Step 1Heat the oven to 350 degrees and grease a 9-inch-square baking pan. Line the bottom of the pan with a piece of parchment paper and grease again.

Step 2In the bowl of a stand mixer fitted with the paddle attachment, or in a large bowl using a hand mixer, beat the butter and sugar until light and fluffy, 3 to 5 minutes. Beat in the egg yolks until combined. Beat in the flour, then the salt.
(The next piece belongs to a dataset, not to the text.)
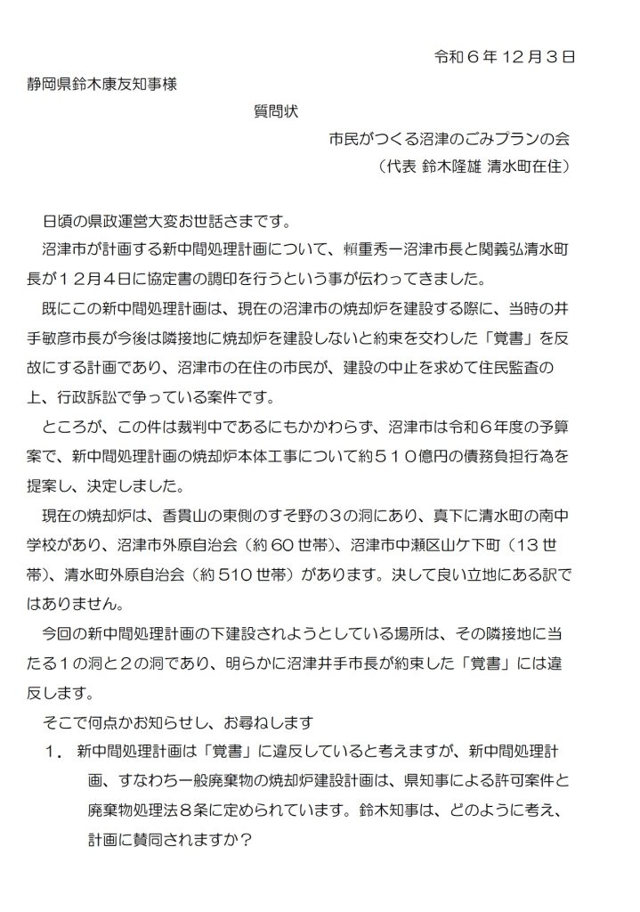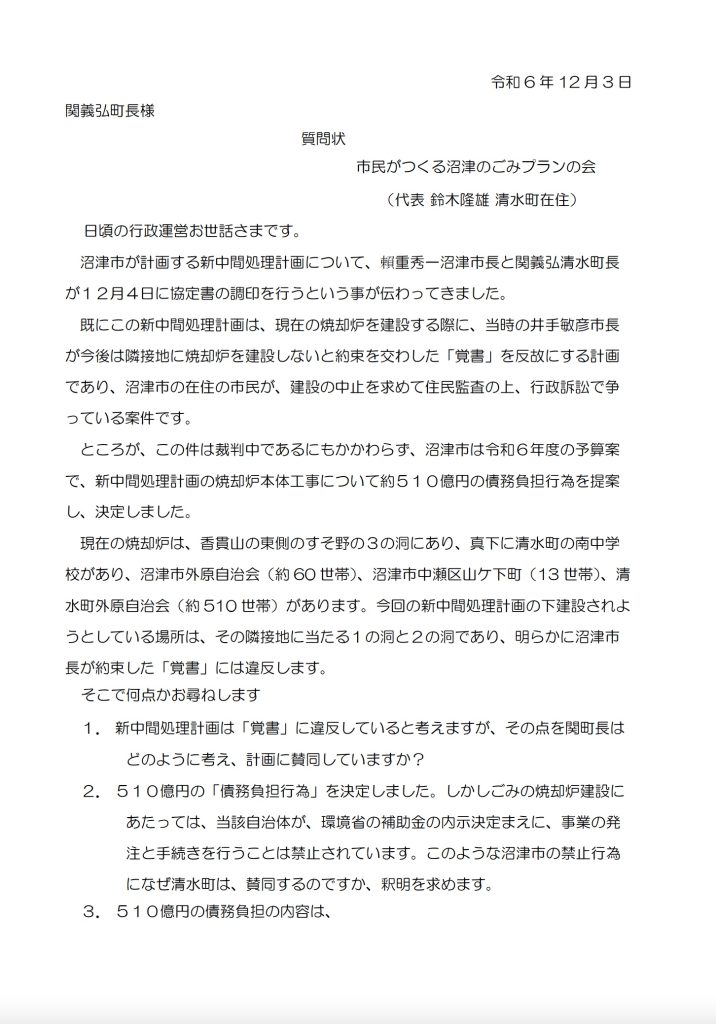 市民の声を聞かず強引に計画を推し進める沼津市長と地元住民の生活・生命を守ることを放棄し沼津市に付随するかのような町政運営を続ける清水町長。そしてそれらを正さず補助金をおろしつづける静岡県知事に対して多くの問題についてどのように考えているのか。2024年12月3日質問状を提出しました

Stir in the chopped walnuts by hand.

Step 3With lightly floured hands, divide the dough in half. Pat one half evenly onto the bottom of the prepared pan. Spread the jam over the dough. Pinch off small pieces, about three-fourths inch in diameter, of the remaining dough and drop it over the jam; do not pat the dough down.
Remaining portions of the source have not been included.